Шукшин считал, что Егор Прокудин пошел по пути «компромисса с совестью, предательства — предательства матери, общества, самого себя. Жизнь искривилась, потекла по законам ложным, неестественным… Вся судьба Егора погибла — в этом все дело, и не важно, умирает ли он физически. Другой крах страшнее — нравственный, духовный. Необходимо было довести судьбу до конца. До самого конца…»

И еще одна шукшинская цитата: «Судьба в нем самом, а коль скоро так, ничего хорошего она ему не сулит».

Замечательные по своей точности слова. Словесная характеристика корректирует кинематографический образ.

У Егора Прокудина нет необходимого живому человеку иммунитета к опасности, к смерти. После встречи с матерью Егор отрезает себе путь к спасению, он носит смерть в себе, и его гибель — это отчужденная форма самоубийства. «Скажу еще более странное: полагаю, что он своей смерти искал сам», — комментировал Шукшин. Его герой шел навстречу смерти, потому что воспринимал ее не как месть дружков по «малине», но как наказание, как плату, как искупление.

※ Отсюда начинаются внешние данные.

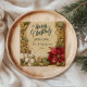 Envíe sus cálidos deseos de vacaciones con este diseño de Navidades de inspiración vintage con audaces poinsettias rojas y blancas enmarcadas en adornos dorados. Los ricos colores y los detalles clásicos crean un ambiente elegante y rústico, perfecto para añadir un encanto atemporal a sus vacaciones.
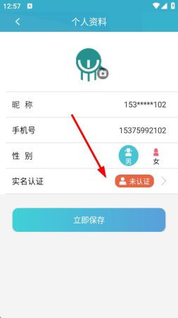 2、在个人页面中,点击头像下方未实名认证字样,进入个人资料界面。

Шукшин признался в художественном просчете, который, возможно, и сделал образ Егора Прокудина двойственным, а авторское отношение к нему в фильме размытым:

— To же обстоятельство, что убивают его мстительные нелюди, а не что-нибудь другое, может быть, мой авторский просчет, ибо у смерти появляется и другой, поверхностный смысл.

Так будем же помнить про отношение к Егору Прокудину его создателя. Как и про отношение Шукшина к другим своим героям.

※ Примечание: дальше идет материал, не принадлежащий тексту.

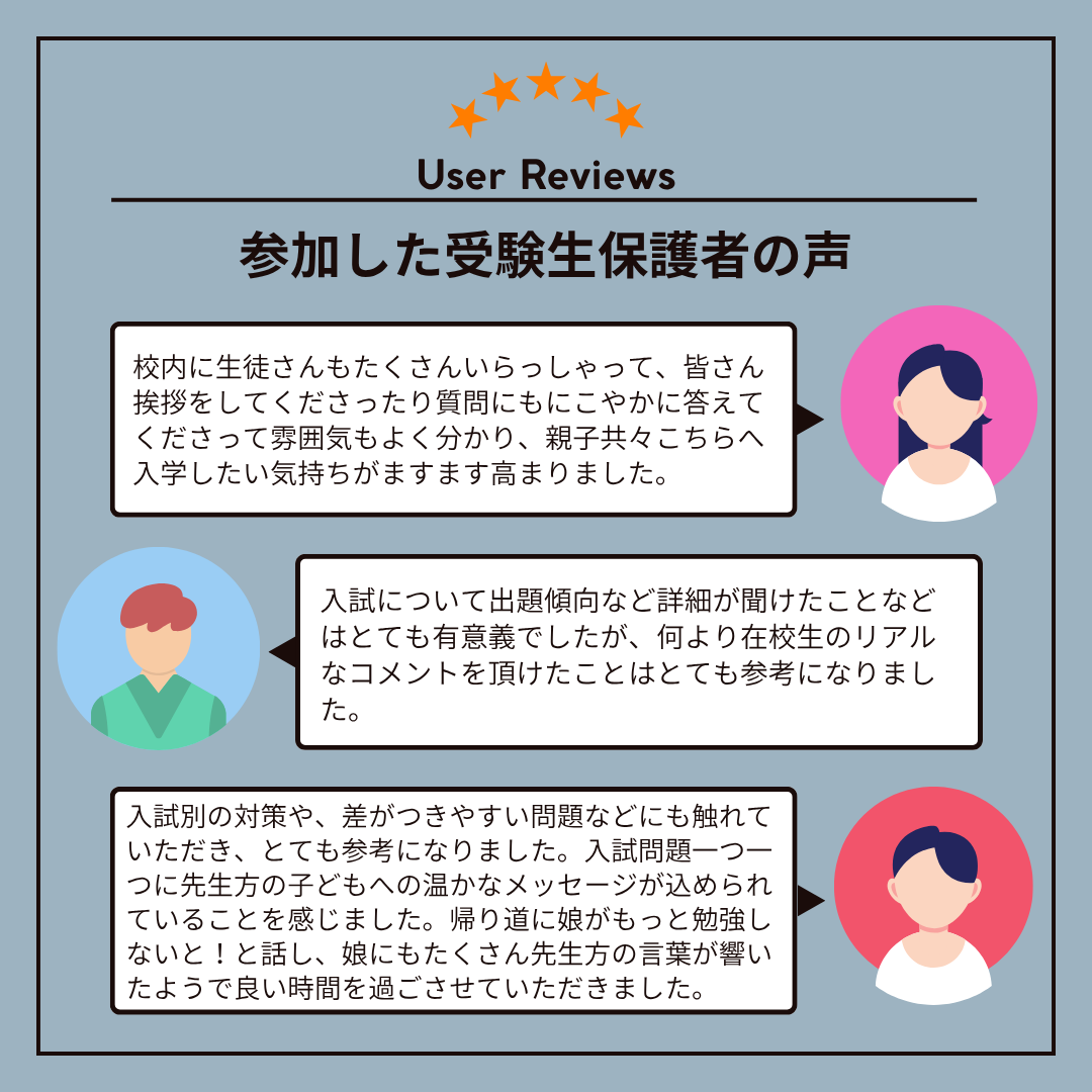 6年生はもちろん、5年生以下の方にとっても、受験に向けてどのような点を日頃の学習で留意したらよいか、親子でお聞きいただける機会になります。さらに、校内の施設を見学したり、先生や生徒に個別の相談をしたりもできます。

Бывают художники, которые окончательно и полно выражают себя в произведении искусства — им нечего добавить к уже сказанному. А бывают другие — к ним принадлежал Василий Шукшин: он не успел выговориться в собственном фильме и пытался наверстать упущенное постфактум, торопился досказать свою киноленту, когда та уже триумфально шла по экранам страны. Жизнь картины потекла независимо от ее создателя.

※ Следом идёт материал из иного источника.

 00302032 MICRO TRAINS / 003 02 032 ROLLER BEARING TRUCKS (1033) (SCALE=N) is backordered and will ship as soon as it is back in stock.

…И мне уже не возвратиться
Назад, в покинутый предел,
К моей строке или странице,
Что лучше б мог, как говорится,
Да не сумел. Иль не посмел.

Ощущение было такое, что, сказав многое, Шукшин многого сказать не успел.

А тем, что успел, был недоволен. В том числе своими поклонниками — их реакцией на его произведения, их восприятием и трактовкой «Калины красной». Акустика последнего его фильма была превосходной — в полный голос зазвучало то, что задумано было под сурдинку.

Во избежание кривотолков и искажений Василий Шукшин взялся объяснить созданный им образ: не только зрителям, но и самому себе.

«Поэт не только музыкант, он же и Страдивариус, великий мастер по фабрикации скрипок, озабоченный вычислением пропорций „коробки“ — психики слушателя. В зависимости от этих пропорций — удар смычка или получает царственную полноту, или звучит убого и неуверенно». Думаю, эти слова Мандельштама пришлись бы по вкусу Шукшину, хоть сам он и не успел вычислить пропорции зрительской психики, а потому обречен был на авторские сноски к «Калине красной».

Старик Максим из рассказа Шукшина «Наказ» сообщает племяннику одну поучительную историю, «но оттого, что история его не вышла такой разительной и глубокой, какой жила в его душе, он скис, как-то даже отрезвел и погрустнел». Схожее чувство испытывал и Шукшин.

После «Калины красной» — и несмотря на ее бурный успех — он все больше склонялся к литературе. Какой черт его попутал сниматься в фильме Бондарчука, на котором он умер?

Михаил Ромм предсказывал, что рано или поздно ему придется выбрать: кино или литература. Шукшин вспомнил о словах своего учителя незадолго до смерти, в последнем интервью: «И поэтому решаю: конец кино! Конец всему, что мешает мне писать!.. Нет больше никаких компромиссов! Конец суете! Остаюсь со стопкой чистой бумаги».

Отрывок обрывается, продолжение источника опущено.